Exercise aim
Taking the entries below, transcribe only the lines starting with the one with "Dedicate some conferences" and going on through the one with "公司主营业务为物业管理服务、", exactly as written, without the pictures.

Record extracts

•••

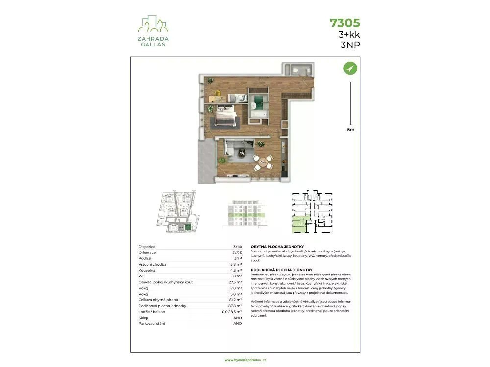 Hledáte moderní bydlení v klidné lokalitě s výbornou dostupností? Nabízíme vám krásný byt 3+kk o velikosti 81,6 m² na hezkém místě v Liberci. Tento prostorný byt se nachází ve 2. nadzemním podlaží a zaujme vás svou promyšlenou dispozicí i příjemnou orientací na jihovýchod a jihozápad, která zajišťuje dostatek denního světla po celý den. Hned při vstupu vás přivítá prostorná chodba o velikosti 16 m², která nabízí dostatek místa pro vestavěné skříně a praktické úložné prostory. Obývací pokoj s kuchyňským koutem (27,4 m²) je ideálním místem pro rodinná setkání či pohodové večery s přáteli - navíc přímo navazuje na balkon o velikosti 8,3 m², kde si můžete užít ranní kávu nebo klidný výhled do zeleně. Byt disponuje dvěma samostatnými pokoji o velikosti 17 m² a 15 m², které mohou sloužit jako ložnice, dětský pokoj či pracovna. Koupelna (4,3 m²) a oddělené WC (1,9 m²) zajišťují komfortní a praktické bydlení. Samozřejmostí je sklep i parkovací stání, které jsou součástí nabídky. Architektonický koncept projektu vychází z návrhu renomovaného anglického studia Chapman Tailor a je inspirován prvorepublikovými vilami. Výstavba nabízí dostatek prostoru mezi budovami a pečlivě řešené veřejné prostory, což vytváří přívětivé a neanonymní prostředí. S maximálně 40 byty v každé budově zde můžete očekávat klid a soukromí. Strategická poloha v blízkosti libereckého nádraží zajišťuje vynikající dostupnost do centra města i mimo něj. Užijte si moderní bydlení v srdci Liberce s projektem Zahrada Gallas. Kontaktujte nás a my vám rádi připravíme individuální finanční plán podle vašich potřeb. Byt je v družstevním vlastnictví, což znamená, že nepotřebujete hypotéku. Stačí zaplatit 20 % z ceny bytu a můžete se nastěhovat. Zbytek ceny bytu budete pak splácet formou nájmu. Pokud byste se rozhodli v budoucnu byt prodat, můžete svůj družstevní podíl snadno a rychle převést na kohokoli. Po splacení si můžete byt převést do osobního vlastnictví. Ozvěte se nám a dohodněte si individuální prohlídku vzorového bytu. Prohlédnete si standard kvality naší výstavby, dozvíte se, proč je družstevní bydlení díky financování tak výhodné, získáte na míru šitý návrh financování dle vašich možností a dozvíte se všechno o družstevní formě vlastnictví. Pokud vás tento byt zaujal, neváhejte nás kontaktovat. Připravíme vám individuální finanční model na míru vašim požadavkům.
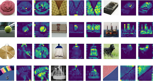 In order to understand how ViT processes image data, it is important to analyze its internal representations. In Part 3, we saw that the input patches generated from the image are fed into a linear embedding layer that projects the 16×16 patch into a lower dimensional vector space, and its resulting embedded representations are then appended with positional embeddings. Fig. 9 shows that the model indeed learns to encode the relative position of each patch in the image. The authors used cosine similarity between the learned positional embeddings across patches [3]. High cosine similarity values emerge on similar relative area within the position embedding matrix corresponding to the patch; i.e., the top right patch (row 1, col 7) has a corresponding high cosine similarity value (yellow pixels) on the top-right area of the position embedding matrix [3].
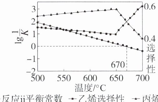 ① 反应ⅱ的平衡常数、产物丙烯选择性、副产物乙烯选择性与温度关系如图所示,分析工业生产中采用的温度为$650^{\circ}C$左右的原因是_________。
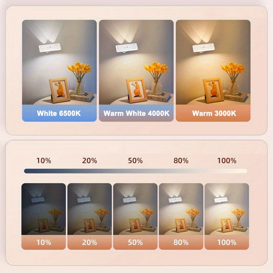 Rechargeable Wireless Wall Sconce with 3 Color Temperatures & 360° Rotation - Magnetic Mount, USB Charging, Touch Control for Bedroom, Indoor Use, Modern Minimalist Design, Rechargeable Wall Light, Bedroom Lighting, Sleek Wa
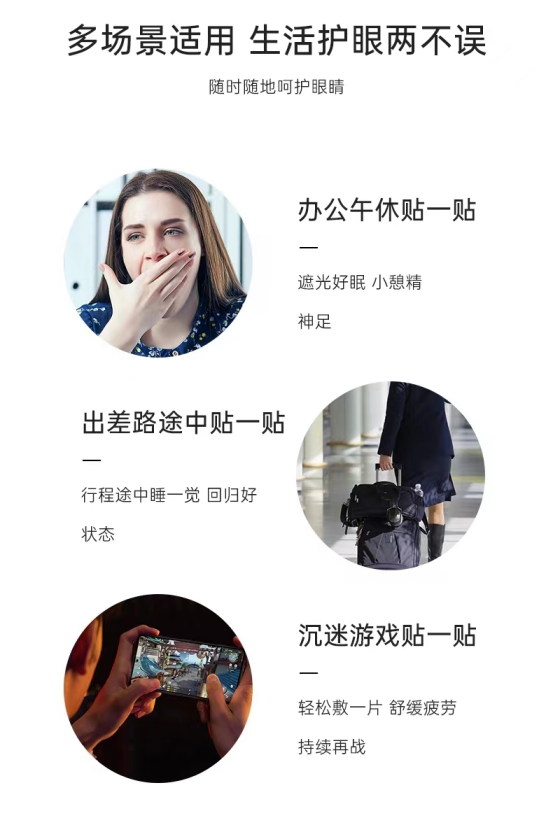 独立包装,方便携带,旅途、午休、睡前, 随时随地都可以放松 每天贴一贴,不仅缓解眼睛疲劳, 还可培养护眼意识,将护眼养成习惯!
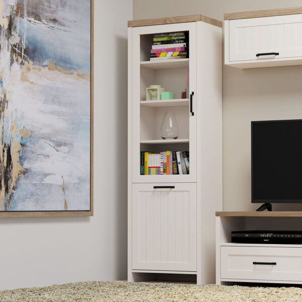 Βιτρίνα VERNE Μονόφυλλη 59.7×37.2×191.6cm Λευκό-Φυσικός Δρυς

•••

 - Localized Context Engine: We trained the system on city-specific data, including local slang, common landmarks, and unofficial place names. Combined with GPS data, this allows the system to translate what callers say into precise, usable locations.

•••

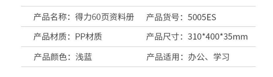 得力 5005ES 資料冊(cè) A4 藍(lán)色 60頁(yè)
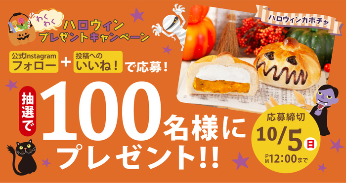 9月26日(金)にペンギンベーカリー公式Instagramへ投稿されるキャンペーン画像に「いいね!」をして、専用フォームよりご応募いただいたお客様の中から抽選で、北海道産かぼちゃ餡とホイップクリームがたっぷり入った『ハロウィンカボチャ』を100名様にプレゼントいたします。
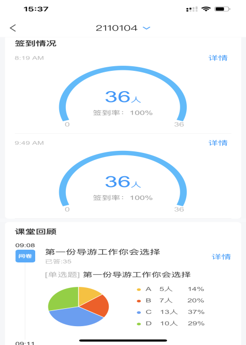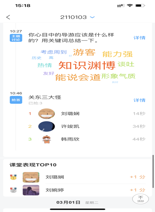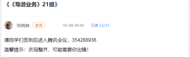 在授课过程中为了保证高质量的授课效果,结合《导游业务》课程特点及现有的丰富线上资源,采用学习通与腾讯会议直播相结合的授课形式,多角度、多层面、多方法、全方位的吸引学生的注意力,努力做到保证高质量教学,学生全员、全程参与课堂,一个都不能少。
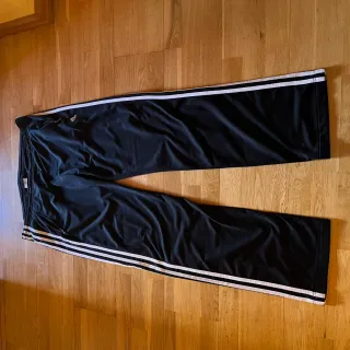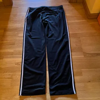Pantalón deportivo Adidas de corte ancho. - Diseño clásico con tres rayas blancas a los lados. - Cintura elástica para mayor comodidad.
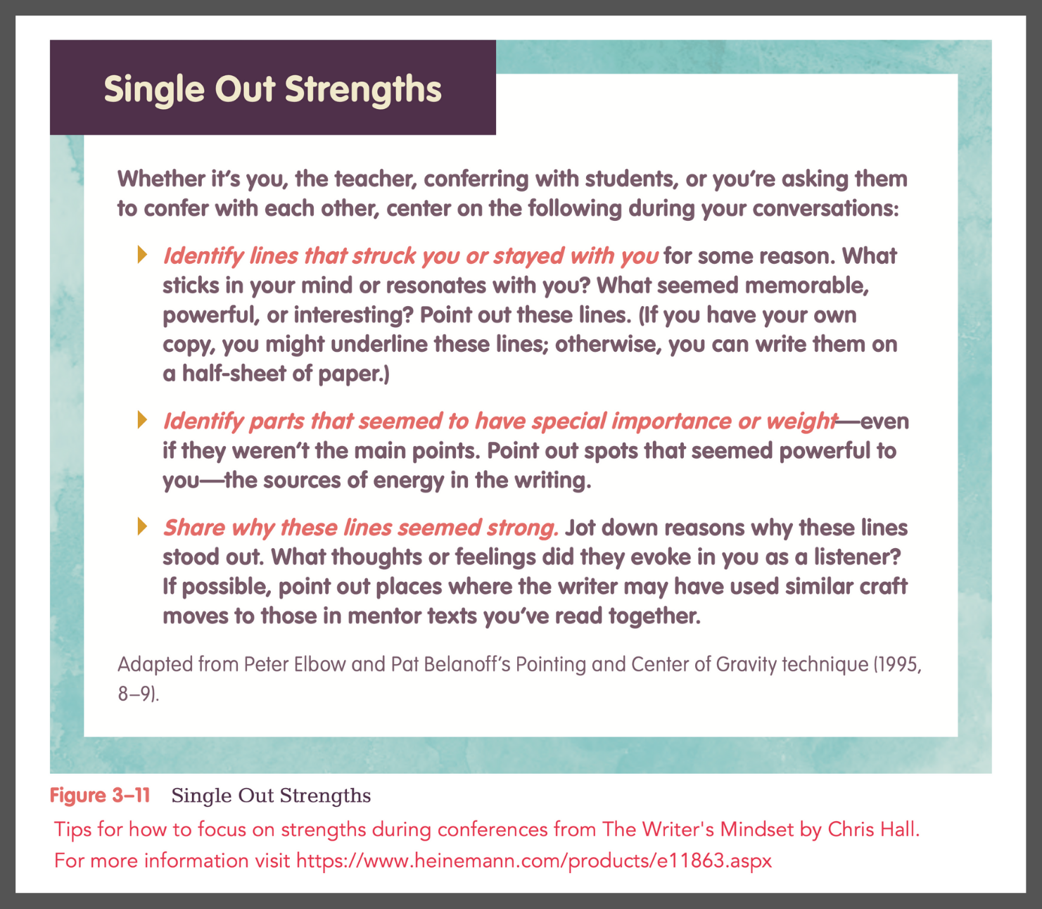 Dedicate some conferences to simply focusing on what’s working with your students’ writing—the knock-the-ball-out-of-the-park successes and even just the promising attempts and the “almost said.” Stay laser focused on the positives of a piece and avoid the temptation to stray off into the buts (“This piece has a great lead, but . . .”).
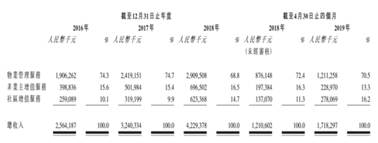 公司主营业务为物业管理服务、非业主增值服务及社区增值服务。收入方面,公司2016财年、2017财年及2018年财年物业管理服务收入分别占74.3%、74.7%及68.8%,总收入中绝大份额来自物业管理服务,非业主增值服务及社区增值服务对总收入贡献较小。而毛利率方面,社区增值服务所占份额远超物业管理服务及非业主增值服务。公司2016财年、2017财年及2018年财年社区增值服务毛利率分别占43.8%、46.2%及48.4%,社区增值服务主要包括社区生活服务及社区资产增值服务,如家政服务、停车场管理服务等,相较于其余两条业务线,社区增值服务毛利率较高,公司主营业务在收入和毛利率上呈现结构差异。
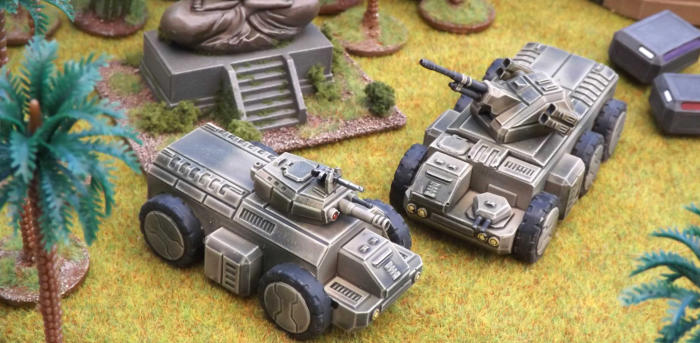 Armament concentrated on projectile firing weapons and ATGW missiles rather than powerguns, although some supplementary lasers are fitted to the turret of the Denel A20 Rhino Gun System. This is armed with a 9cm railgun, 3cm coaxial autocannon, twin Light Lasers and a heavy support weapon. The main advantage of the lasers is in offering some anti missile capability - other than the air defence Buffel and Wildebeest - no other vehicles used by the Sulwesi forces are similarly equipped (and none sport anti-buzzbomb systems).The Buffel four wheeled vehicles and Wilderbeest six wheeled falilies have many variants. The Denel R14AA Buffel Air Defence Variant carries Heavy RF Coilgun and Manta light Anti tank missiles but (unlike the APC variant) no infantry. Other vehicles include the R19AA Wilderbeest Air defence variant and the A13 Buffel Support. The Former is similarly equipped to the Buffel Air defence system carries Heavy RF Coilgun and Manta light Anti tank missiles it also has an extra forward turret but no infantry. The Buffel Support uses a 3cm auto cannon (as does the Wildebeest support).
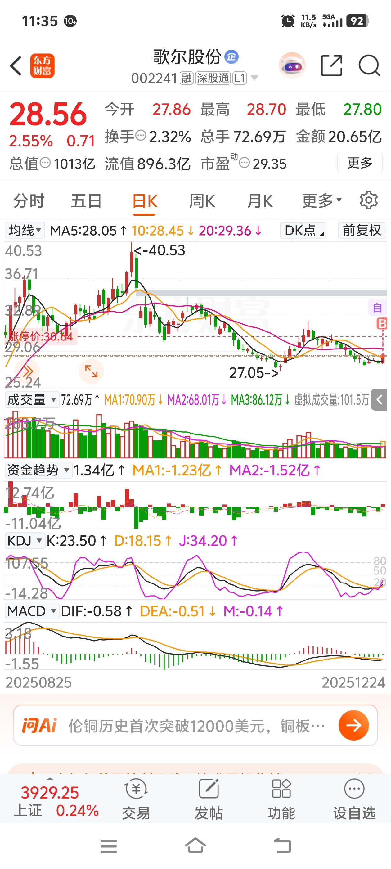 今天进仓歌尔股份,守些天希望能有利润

•••

Solution to the problem
 Dedicate some conferences to simply focusing on what’s working with your students’ writing—the knock-the-ball-out-of-the-park successes and even just the promising attempts and the “almost said.” Stay laser focused on the positives of a piece and avoid the temptation to stray off into the buts (“This piece has a great lead, but . . .”).
 公司主营业务为物业管理服务、非业主增值服务及社区增值服务。收入方面,公司2016财年、2017财年及2018年财年物业管理服务收入分别占74.3%、74.7%及68.8%,总收入中绝大份额来自物业管理服务,非业主增值服务及社区增值服务对总收入贡献较小。而毛利率方面,社区增值服务所占份额远超物业管理服务及非业主增值服务。公司2016财年、2017财年及2018年财年社区增值服务毛利率分别占43.8%、46.2%及48.4%,社区增值服务主要包括社区生活服务及社区资产增值服务,如家政服务、停车场管理服务等,相较于其余两条业务线,社区增值服务毛利率较高,公司主营业务在收入和毛利率上呈现结构差异。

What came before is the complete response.